- The Washington Times - Tuesday, May 3, 2016

Donald Trump steamrolled to victory in Indiana on Tuesday, dealing a devastating defeat to Sen. Ted Cruz and the remaining establishment GOP forces who’d hoped in vain for last-minute salvation from the billionaire businessman.

Networks called the race soon after the final polls closed at 7 p.m., projecting an easy win for Mr. Trump based on exit polling and early returns that showed him winning more than 50 percent of the vote, to Mr. Cruz’s 33 percent.

“Lyin’ Ted Cruz consistently said that he will, and must, win Indiana. If he doesn’t he should drop out of the race — stop wasting time & money,” Mr. Trump said in a Twitter post minutes after the race was called.



Mr. Trump’s victory means he will win most of the state’s 57 delegates to the July nominating convention, further padding his lead and keeping him on track for a first-ballot victory.

Just as important as Mr. Trump’s win was Mr. Cruz’s collapse. The Texas senator had for months insisted he could beat Mr. Trump in a head-to-head contest, but saw his hopes dissipate.

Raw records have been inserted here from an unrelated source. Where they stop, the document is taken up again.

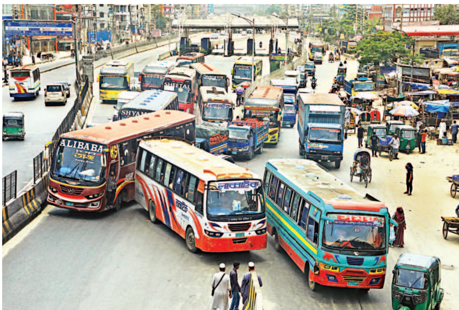
Buses picking up and dropping off passengers clog the Dhaka-Chattogram highway in the capital's Shanir Akhra yesterday. This forces passengers to take unnecessary risks and often creates tailbacks.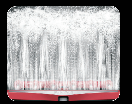
WaterWall<sup>™</sup> Linear Wash System

WaterWall<sup>™</sup> cleaning system delivers corner to corner coverage, so that even your dirtiest will come clean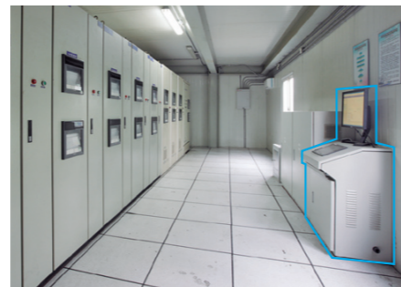
Fig.2: Considerably-miniaturized process management system for a forging furnace. The equipment on the left in the picture is the existing system with pen recorders. The terminal of the new control system using CC-Link IE is on the right in this picture.

two years since 2009 together with Shanghai Electric Ryoden Energy Saving and Control Technology (SERT), who handles energy control systems and FA systems. (For more information on SERT, refer to the associated article.)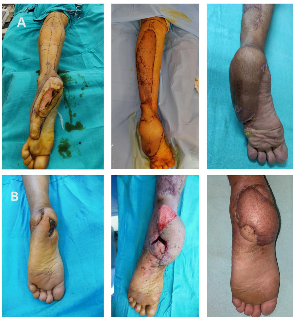
Fig. 4: A. Posttraumatic complete heel defect at the lateral border of the left sole of size 8 cm x 4 cm size with surrounding scarring and marking extended RSA flap up to 4 cm proximal to the popliteal crease (Left side), Exteriorization of pedicle and reach of the flap up to the midfoot (Middle), 1-month follow-up showing 16 cm x 8 cm size flap (Right side). B. Post-traumatic defect at the left heel with the exposed calcaneum (Left side), In second after pedicle division de-epithelized part of the pedicle used for filling the bony cavity (Middle), 2 months follow-up showing complete healing (Right side)

Society (AOFAS) hindfoot clinical ratings scale (Table 1) 10,15,16 . The sensation was objectively assessed by using the Semmes-Weinstein monofilament test at the flap site, with 3 different monofilament sizes (size 6.65=300 g for deep sensation, size 4.31=2 g for protective sensation, and size 3.61=0.4 g for normal touch sensation) 10,17 . Soft tissue breakdown was noted clinically to assess the durability of the flap.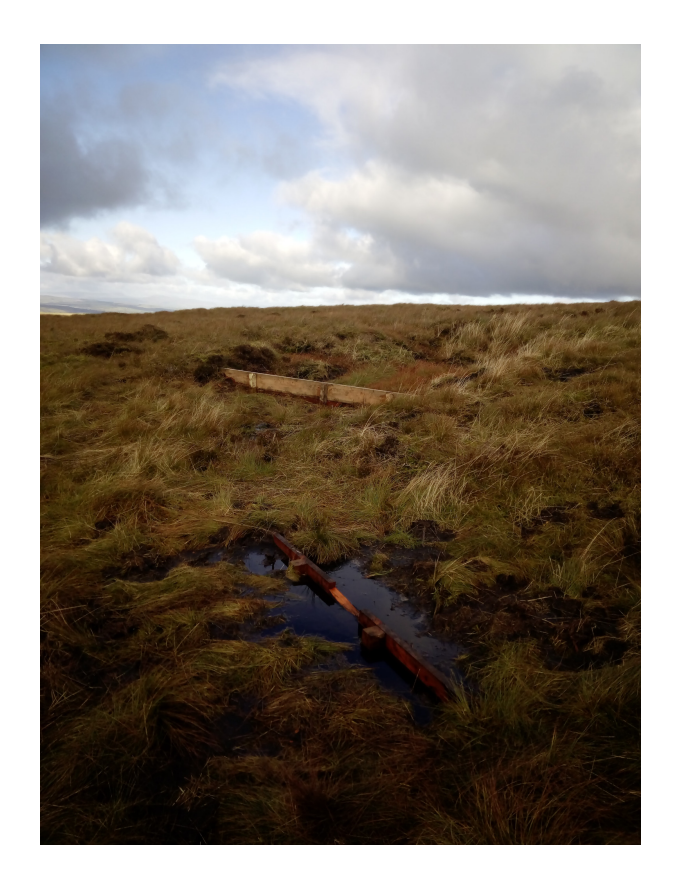
Drainage Ditch (53.86710; -2.30470)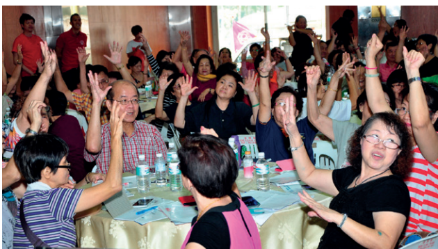
(top) Two Singtel management members (far right) flagged off at the event (above) Singtel volunteers (in red t-shirts) at our Silver Mobile Workshops teaching the seniors to use smartphones and mobile apps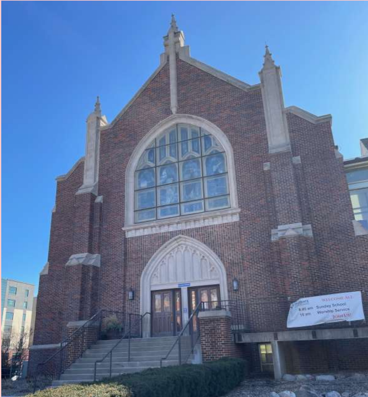
Collegiate United Methodist Church and Wesley Foundation Ames, Iowa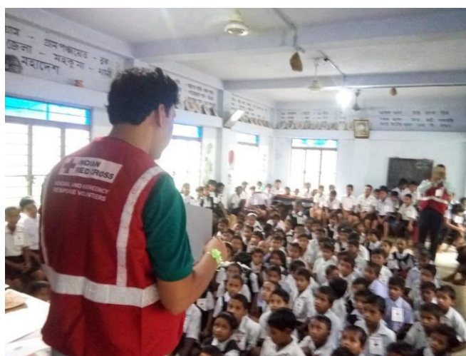
Teaching school students WASH practices in West Bengal State Branch

Nayagarh and Ganjam districts. The project leverages and aligns its activities with the Swachh Bharat (Clean India) Mission by tapping into a multi-stakeholder partnership that includes the Republic of Korea National Red Cross, the International Federation of Red Cross and Red Crescent Societies (IFRC) and Samsung Community Chest Fund. The model of institutional arrangements that is being used to implement the project is based on a partnership with government that involves sharing the responsibilities for implementation of activities between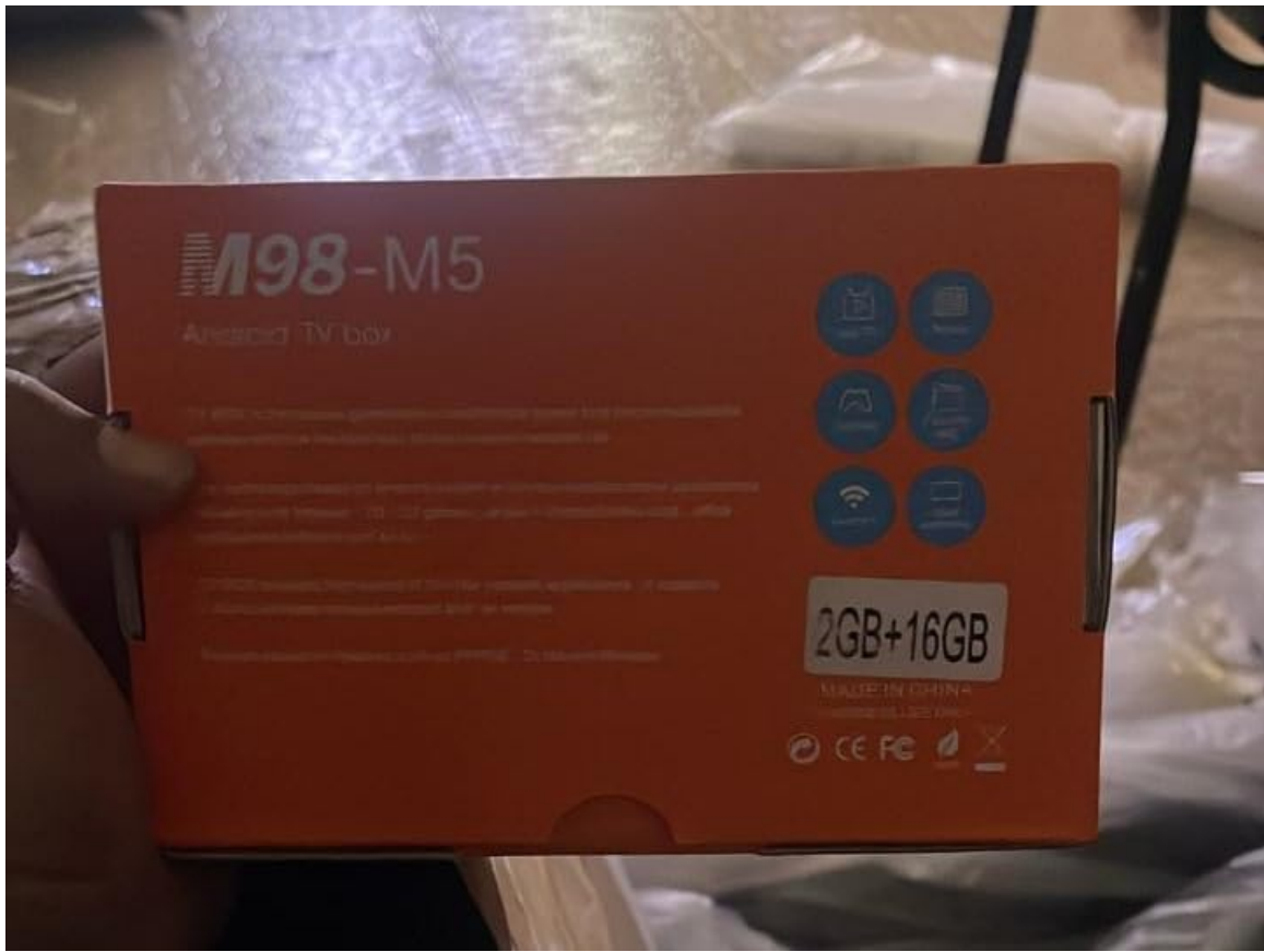
Image: Close-up of the M98-M5 TV Box packaging, confirming the 2GB RAM and 16GB internal storage configuration.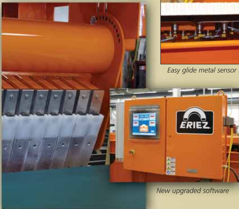
New upgraded software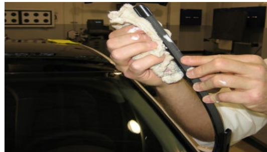
Figure 2. Cleaning wiper blades.

Tip: Do not use the 3M™ Glass Polishing Compound to clean the wiper blades.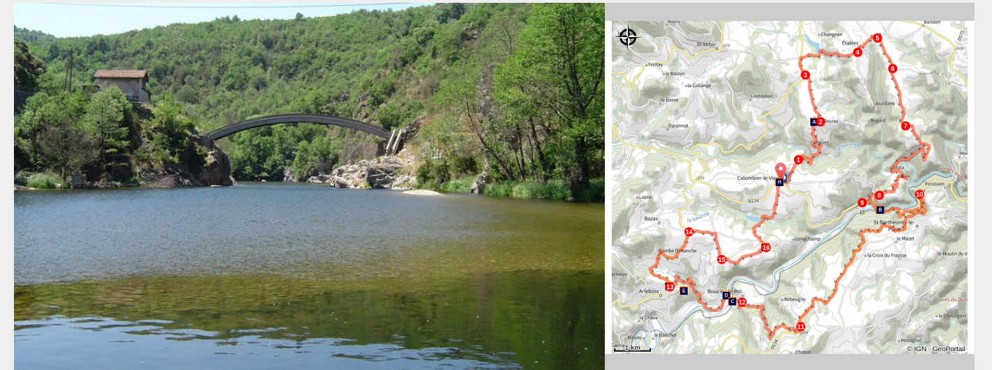
Confluence entre la Daronne et le Doux

Your battery will take a huge blow here. The short however constant uphill slopes will make you appreciate your motor. The landscape, between green land stretching before you and gorges below you, gives you a restful feeling.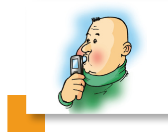
Spirometer with "Touch Screen" display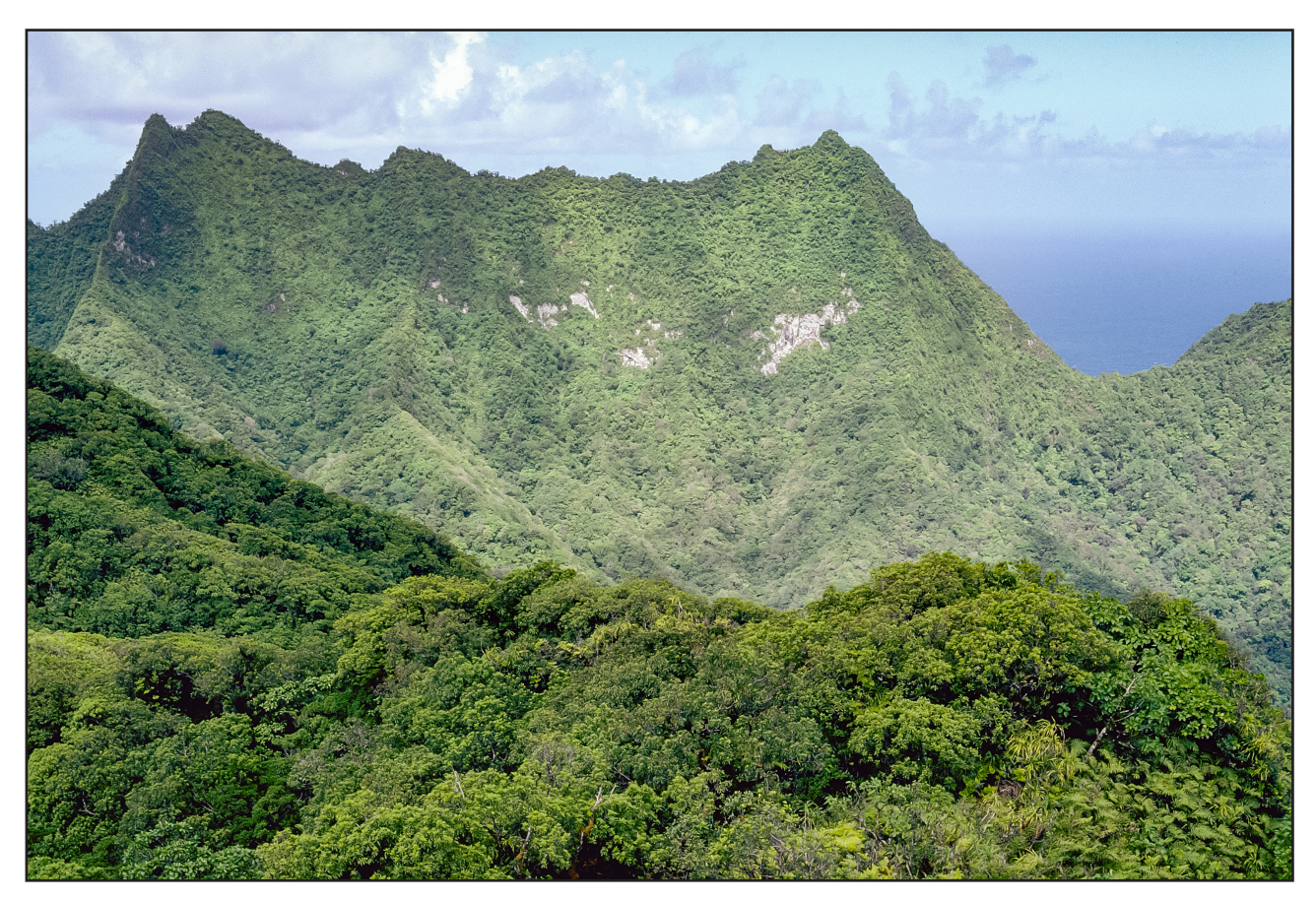
FIGURE 2. Rarotonga. Looking east from Te Kou at the cloud forest ridge from Te Manga (left) to Te Atukura (right).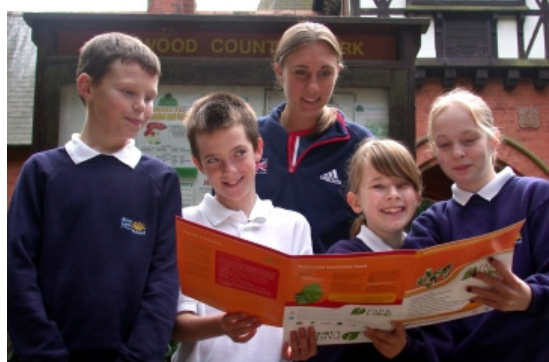
Physical Educational Pack launched at Bestwood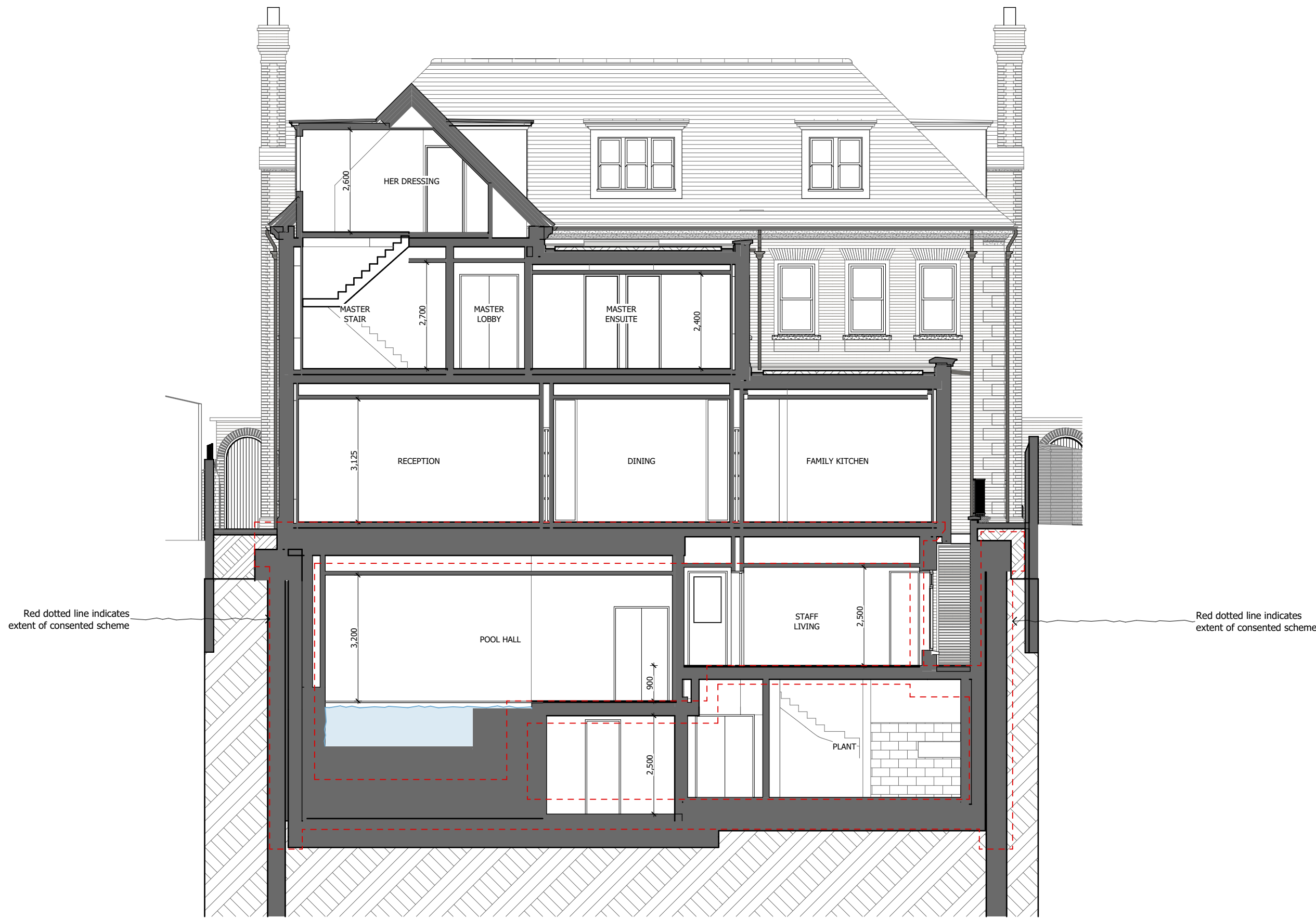
1 SCALE 1:100 @ A3 Proposed Section A-A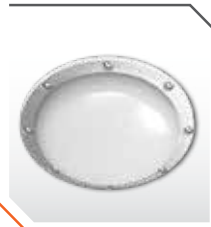
Heavy Duty Fixtures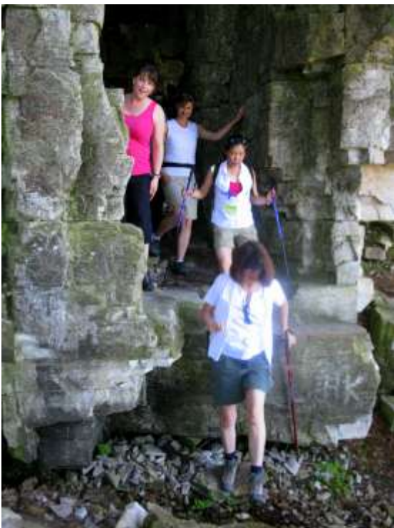
Exploring the sea caves along our trail

7:30 pm: Sunset bonfire: We'll bask in the warmth of a campfire and friendship as we enjoy s'mores and the sunset over the bay at Peninsula State Park. ( Your park sticker from Newport will admit you to Peninsula State Park. )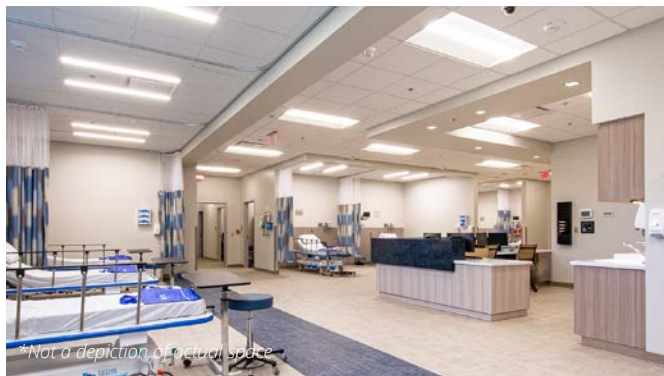
*Not a depiction of actual space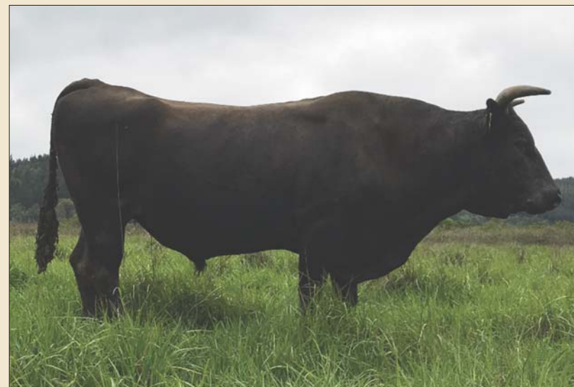
CHR ITOZURU DOI 2408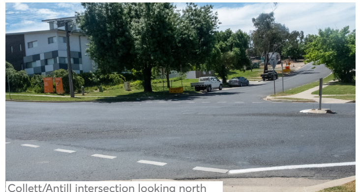
Collett/Antill intersection looking north

The work will reduce the risk of these crashes, improving safety at the intersection by installing stop-signs and line-marking and a new pedestrian refuge island.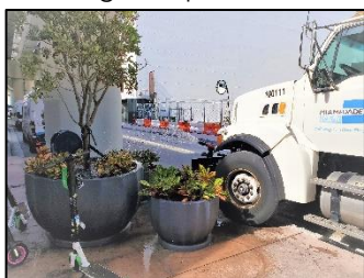
NEAT Watering plants in planters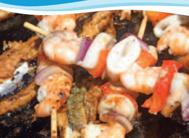
Love good food?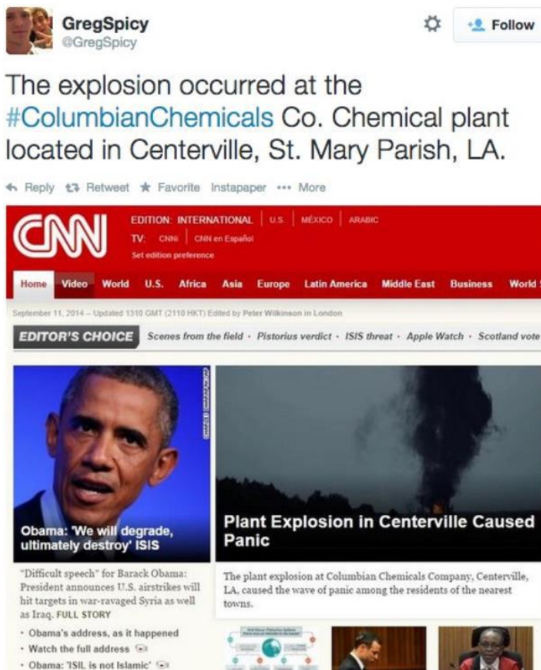
Figure 3. Twitter account posting a fake CNN homepage showing the story of the Columbian Chemicals plant explosion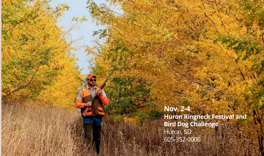
Nov. 2-4 Huron Ringneck Festival and Bird Dog Challenge Huron, SD 605-352-0000

To have your event listed on this page, send complete information, including date, event, place and contact to your local electric cooperative. Include your name, address and daytime telephone number. Information must be submitted at least eight weeks prior to your event. Please call ahead to confirm date, time and location of event.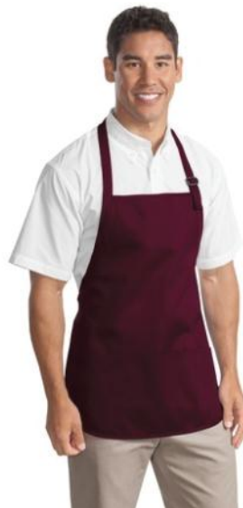
Medium Length Apron with Pouch Pockets Colors available: Hunter Green or Stone $14.99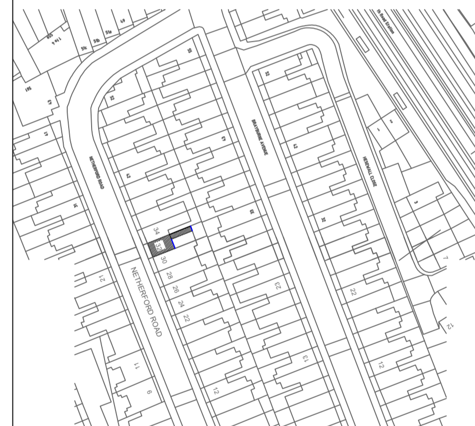
Location Plan 1: 1 2 5 0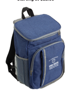
DELUXE COOLER BACKPACK minimum order: 25 pieces Starting at $27.99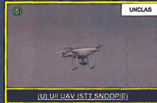
(U) U/I UAV (STT SNOOPIE)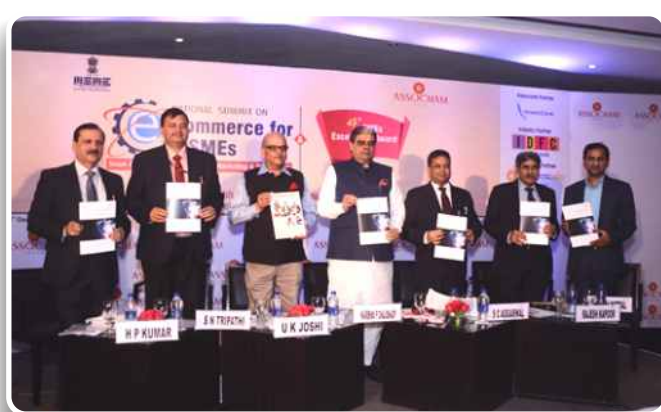
Shri Haribhai Parathibhai Chaudhary , Former Minister of State for MSME, Government at 4th MSME Excellence Awards: 2016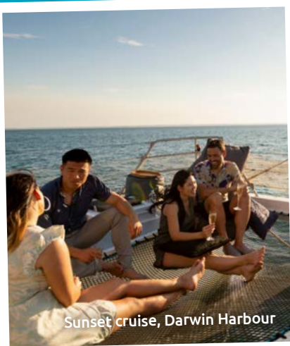
Sunset cruise, Darwin Harbour

Mr. Cruz’s campaign insisted he’ll stay in the race, but his argument for doing so looked much weaker after he failed in conservative Indiana, where he had the backing of the GOP governor and was aided by establishment anti-Trump forces.

Beyond the results, Mr. Cruz also appeared to come unglued while campaigning this week, getting baited into a back-and-forth last week with protesters and, on Tuesday, unloading months of frustration on Mr. Trump.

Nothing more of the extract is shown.